MongoDB Use Case : Cisco

Satyam Singh
3 min readJun 6, 2021

Content of this blog

  • About MongoDB
  • Case Study : Cisco

About MongoDB

What is MongoDB?

MongoDB is a document-oriented database that stores data in JSON-like documents with dynamic schema i.e., records could be stored without the need to consider data structure like number of fields or types of fields to store values.

Benefits

Flexible Document Schemas

  • MongoDB’s document model allows virtually any kind of data structure to be modeled and manipulated easily.
  • MongoDB’s BSON(Binary JSON) helps in placing objects in one collection that consists of different sets of fields.
  • It also supports creation of explicit schemas and flexibility required for handling changes in requirements or environment.

Code-native data access

  • Data in MongoDB are stored in document format and it could be accessed from any language using the data structure native to that respective language.

Change-friendly design

  • There is no downtime while changing the schema in case of MongoDB
  • New data could be easily be added in MongoDB without disrupting its operations.

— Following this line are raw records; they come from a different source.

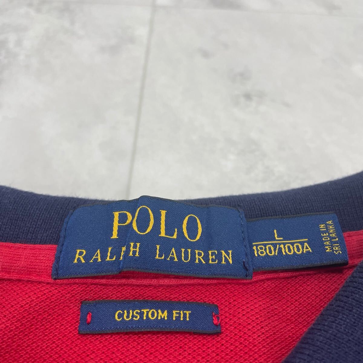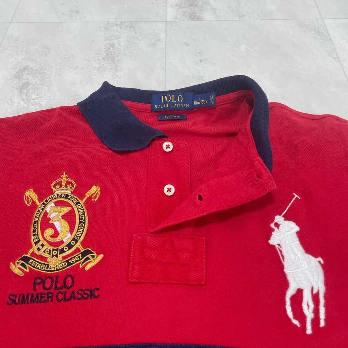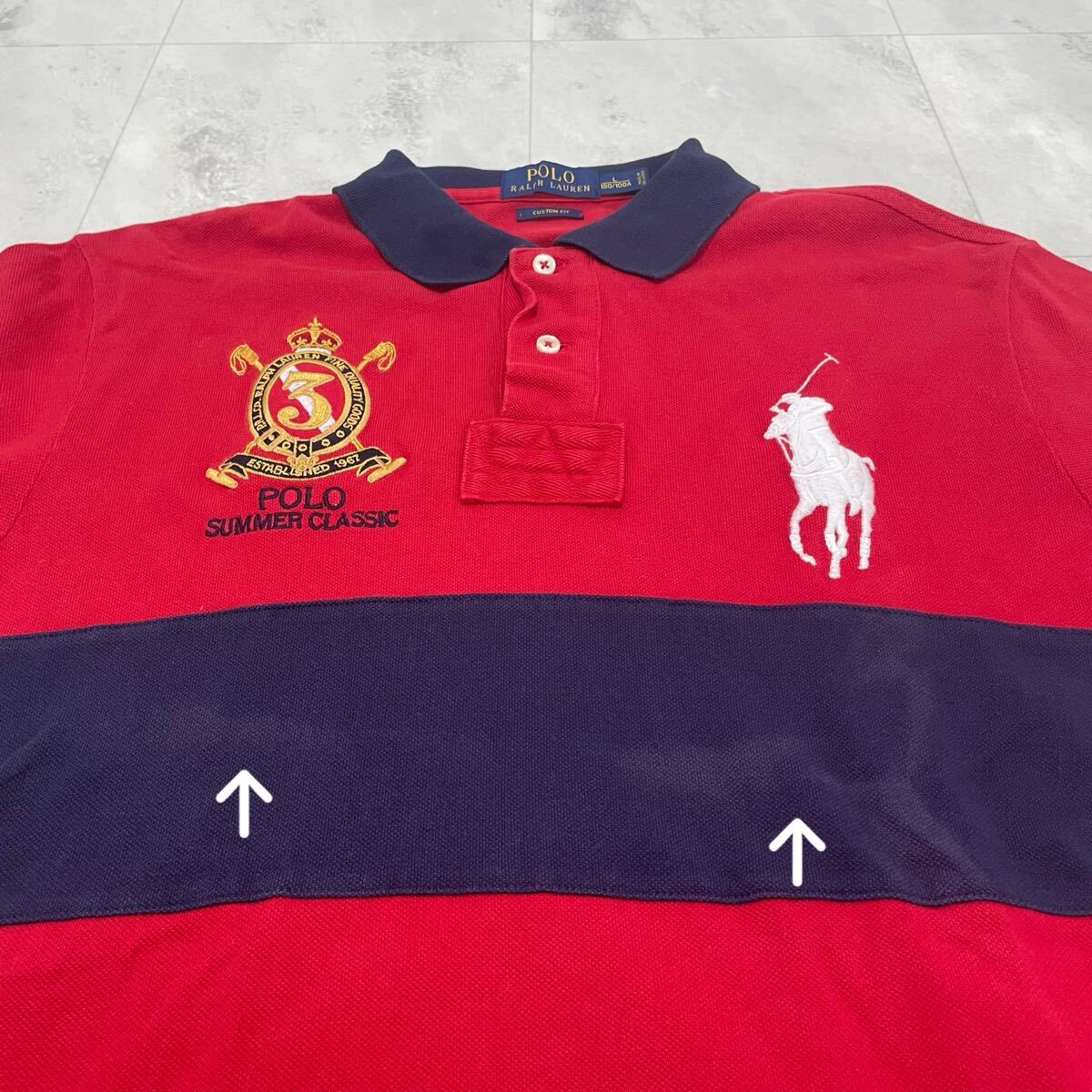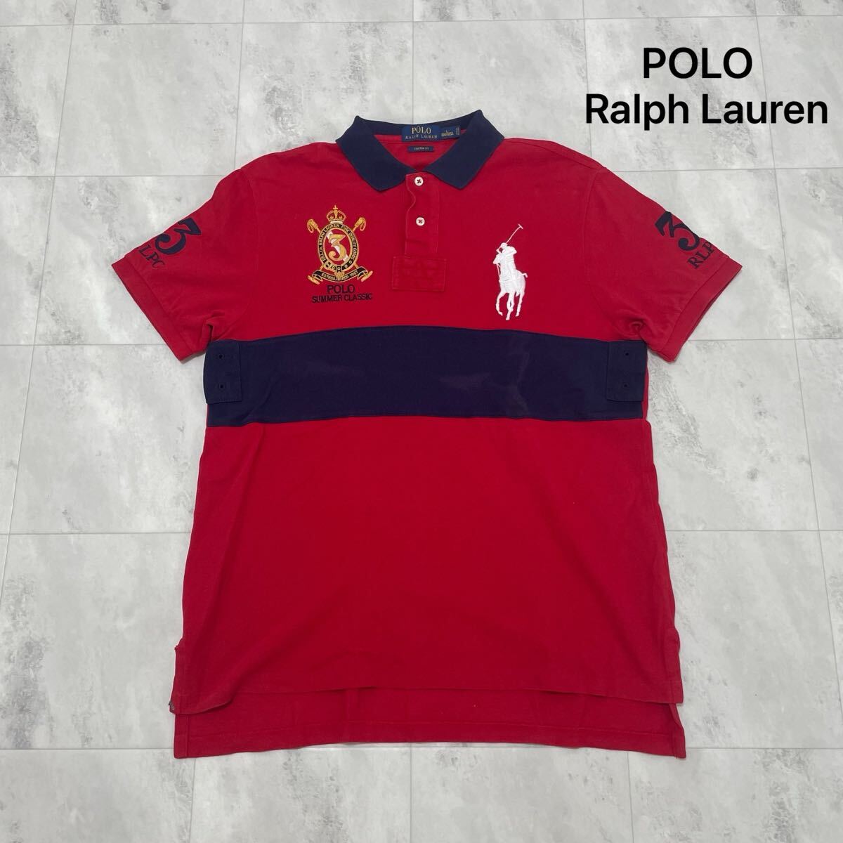 POLO Ralph Lauren ポロラルフローレン ポロシャツ 半袖 ボーダー ビッグポニー 刺繍ロゴ カスタムフィット USA企画 レッド 玉SS3745
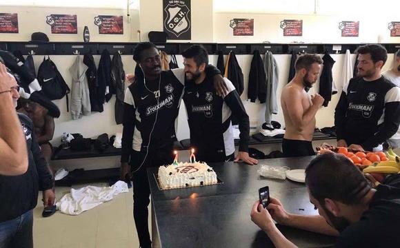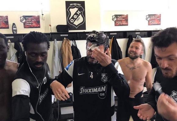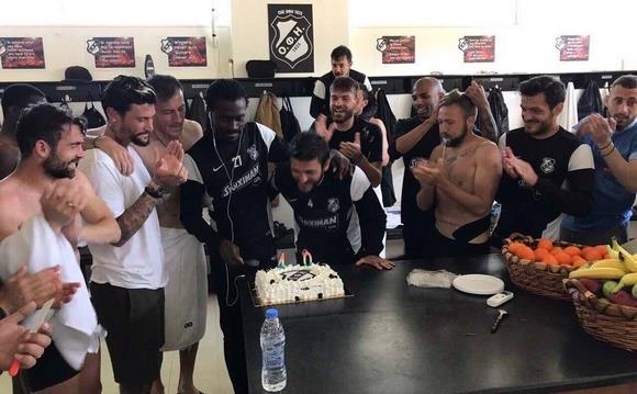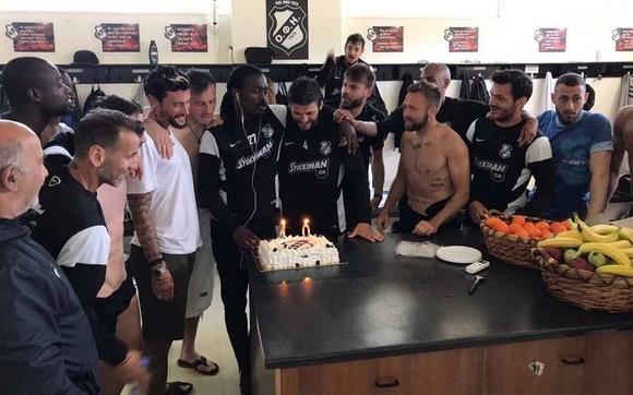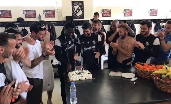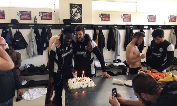 Συγκεκριμένα μια τούρτα περίμενε τον αρχηγό του ΟΦΗ, στα αποδυτήρια και ο Κώτσιος έσβησε τα κεράκια παρουσία των συμπαικτών του, οι οποίοι του έκαναν το δικό τους… πάρτι στα αποδυτήρια της ομάδας και δεν παρέλειψαν ακόμα και να πασαλείψουν με την τούρτα τον αρχηγό της ομάδας.
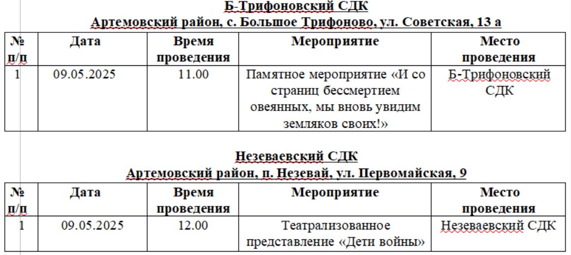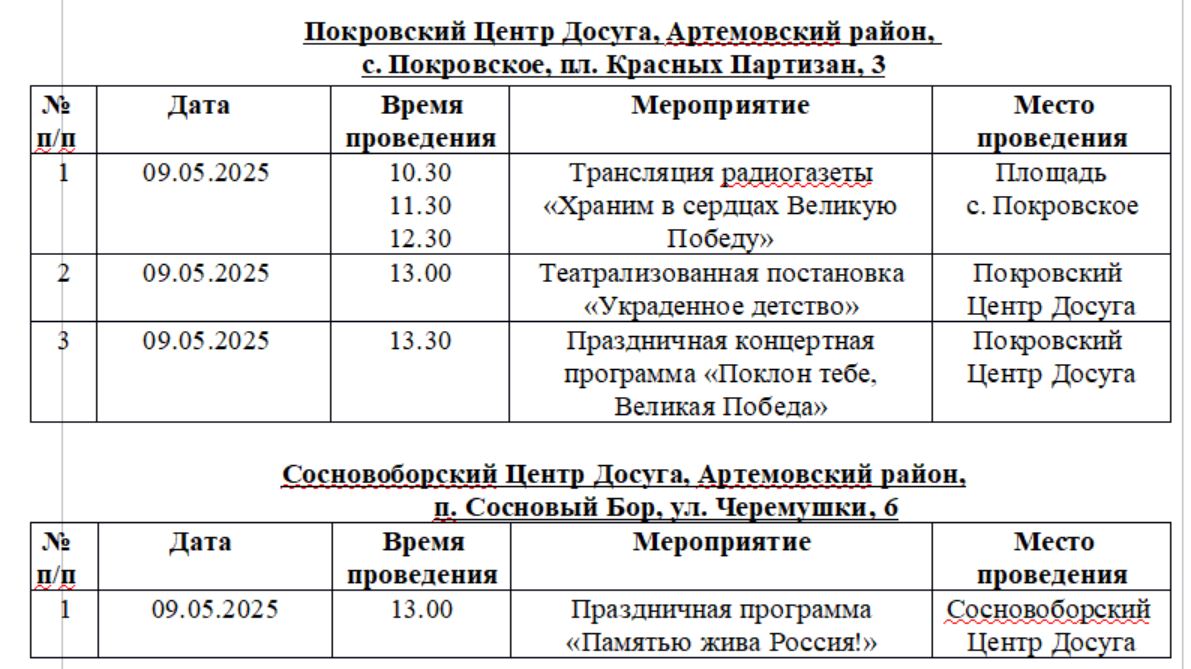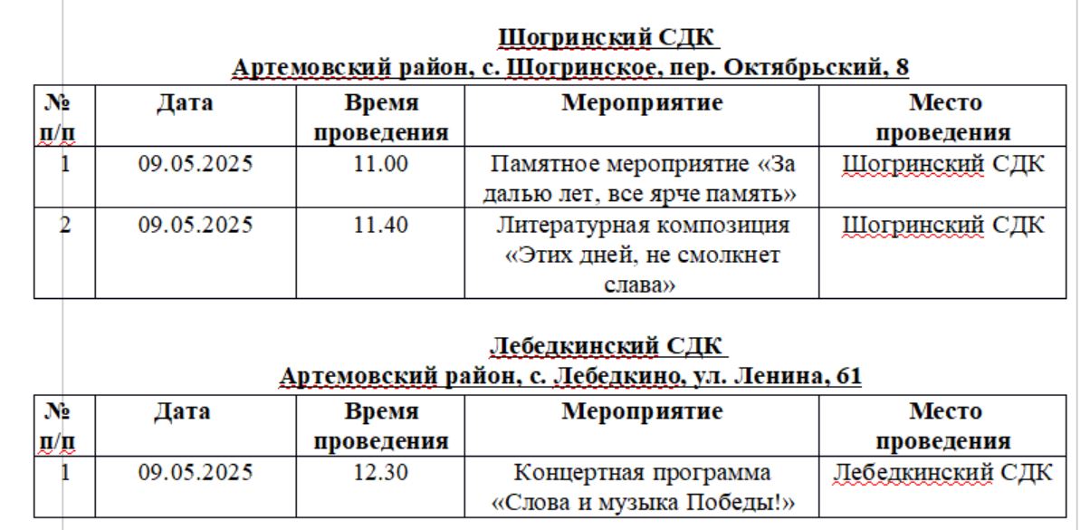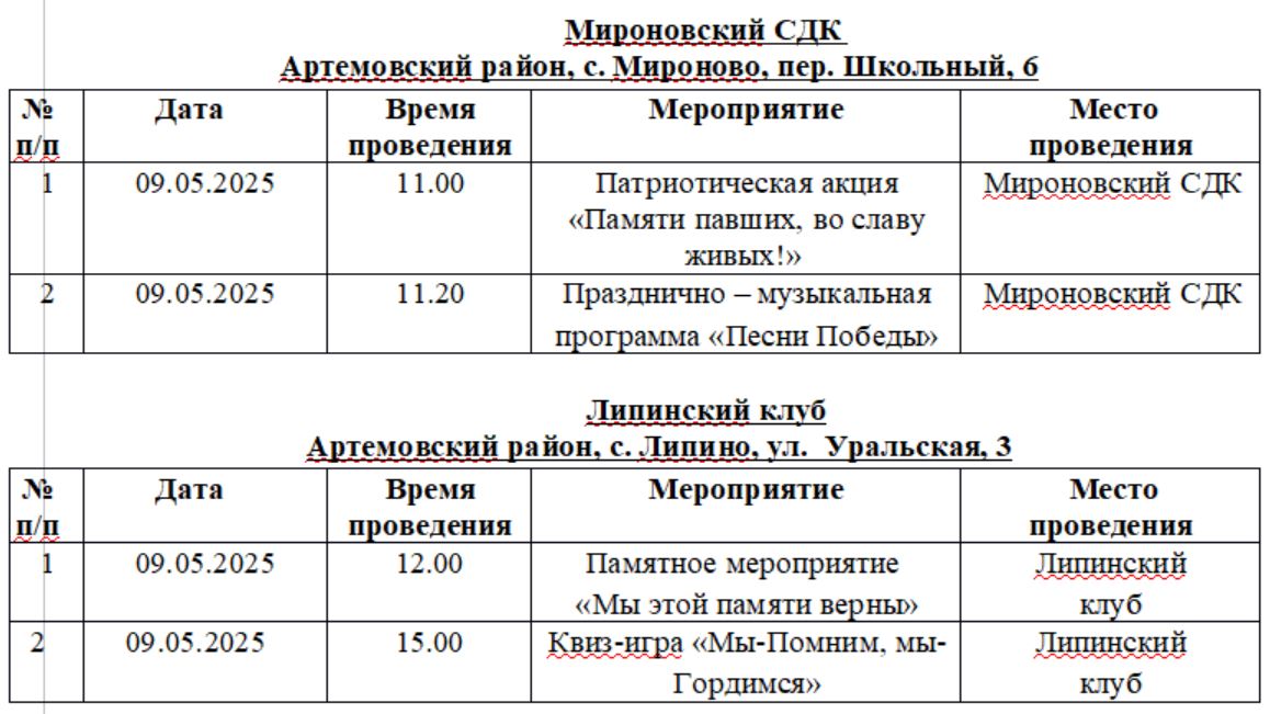 В поселках и селах района праздничные мероприятия в честь Дня Победы намечены в сельских Домах культуры и Центрах досуга. У памятных мест — возложение цветов в течение дня.
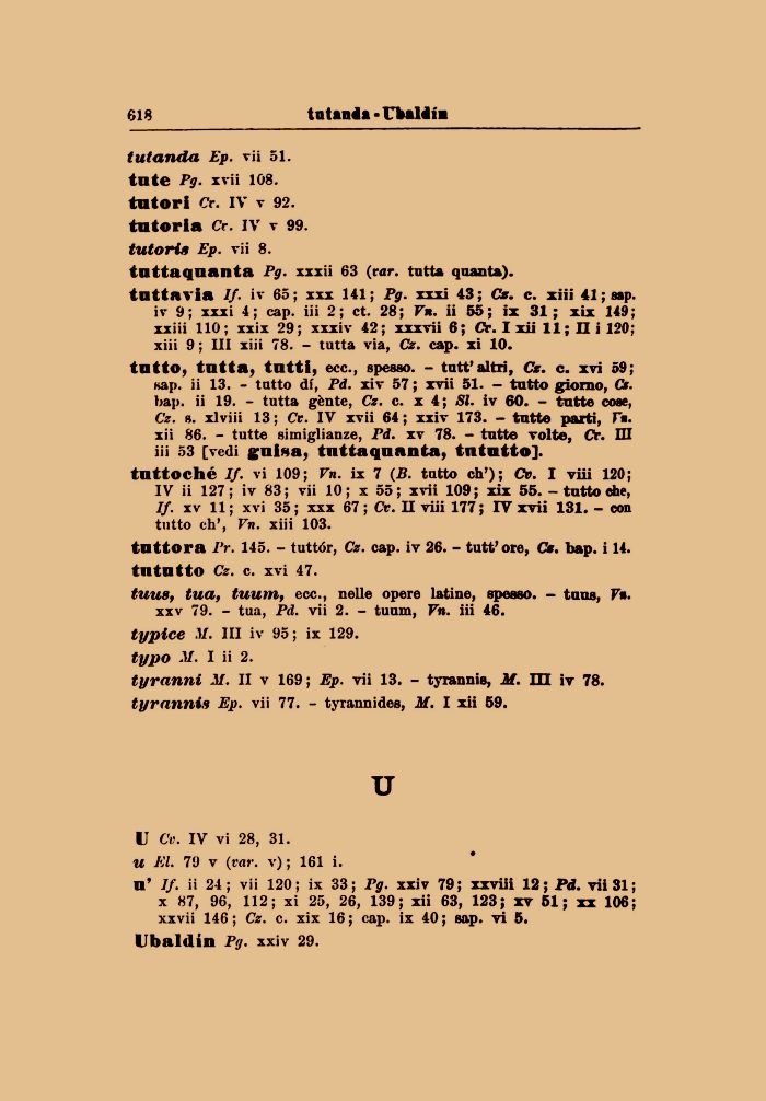 tutto, tutta, tutti, ecc., spesso. - tutt'altri, Cz. c. xvi 59; sap. ii 13. - tutto df, Pd. xiv 57 ; xvii 51. - tutto giorno, Cz. bap. ii 19. - tutta gènte, Cz. c. x 4; SI. iv 60. - tutte cose, Cz. s. xlviii 13 ; Cr. IV xvii 64 ; xxiv 173. — tutte parti, T». xii 86. - tutte simiglianze, Pd. xv 78. - tutte volte, Cr. IH iii 53 [vedi guisa, tnttaquanta, tututto]. tuttoché If. vi 109; Vn. ix 7 (B. tutto eh'); Cv. I viii 120; IV ii 127; iv 83; vii 10; x 55; xvii 109; xix 55. - tuttoché, If. xv 11; xvi 35; xxx 67; Cr. II vili 177; IV xvii 131. - con tutto eh', Vn. xiii 103.
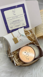 Candela profumata e colata a mano con fragranze certificate; collana in acciaio inox; bracciale realizzato a mano con perline in vetro e pietre naturali; card stampata su carta opaca di alta qualità.
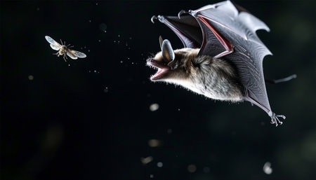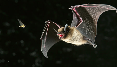 A bat is captured in mid-flight, soaring through the darkness with its wings elegantly extended.
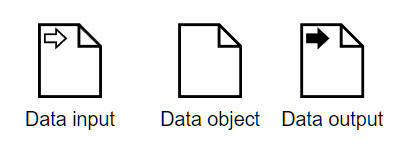 First, we need to distinguish process variables from task variables. Process variables are shown in the BPMN diagram, as data inputs, data outputs, and regular data objects. A data input signifies data received by the process from outside. When we deploy an executable process as a cloud service, a data input is an input parameter of the API call that triggers the process. Similarly, a data output is an output parameter of the API call, the response. A data object is a process variable created and populated within a running process.
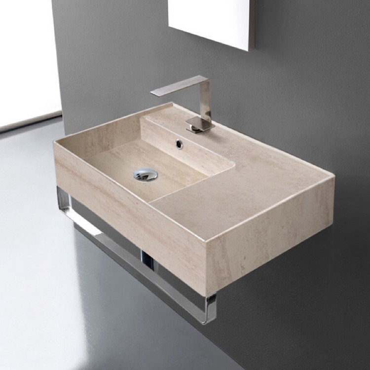 From the Italian designer Scarabeo, this beige travertine design ceramic sink is part of the Teorema 2.0 collection. The sink comes in a one hole or three hole option and equipped with plenty of counter space and towel bar. It is functional as a wall mounted application and is perfect for the modern bathroom design. Ceramic sink (Scarabeo 5114) is US and Canada standards approved (IAPMO, UPC/cUPC, ASME A112.19.2-2018/CSA B45.1-18).

Powerful querying and analytics

  • MongoDB makes it easy to access and it rarely requires joins and transactions for the same.
  • MQL(MongoDB Query Language) is a full-featured, powerful language that allows deep querying into documents, also it makes it easier to perform complex analytics pipelines with few lines of JSON-like MQL.

Easy horizontal scale-out

  • Clusters with real-time replication, shard large or high-throughput collections across multiple clusters could be created in MongoDB to sustain performance and scaler horizontally.

Case Study : Cisco

About Cisco

  • Cisco is an American multinational technology company headquartered in San Jose, California. It was founded in December 1984 by Leonard Bosack and Sandy Lerners, two Stanford University computer scientists.
  • It develops, manufactures and sells networking hardware, software, telecommunications equipment and other high-technology services and products. It’s subsidiaries includes OpenDNS, WebEx, Jabber and Jasper.

Challenge

  • Cisco launched WebEx Social, an enterprise collaboration platform designed for today’s social, mobile, visual and virtual workforce in November 2011. As a “Facebook for enterprises”, WebEx Social connects people to the information and expertise they need.
  • This comprehensive collaboration platform combines the four core Enterprise 2.0 pillars i.e., business processes, content, communication and social features that enables users to work together effortlessly.
  • With their existing relational database, complex SQL queries against highly normalized schema were time consuming. Also, it was difficult to manage schema upgrades and migrate data from release to release.
  • WebEx Social’s rapid evolution required expanded data store capabilities and the ability to build successful new social features.

Solution

  • Cisco adopted MongoDB in mid-2011 and now it serves as the primary real-time data store for WebEx Social’s social features which are write-heavy in nature.
  • MongoDB meets the demands of WebEx Social’s high-volume write activity. It also provides a fast, easy way to de-normalize, index and extract information from data stores.
  • MongoDB’s document-based data model offered Cisco the right balance between complex relational databases and the pure key value store of NoSQL solutions.
  • Intuitive mapping from domain model to JSON docs and complex querying capabilities enables Cisco to cross-reference users and query embedded lists.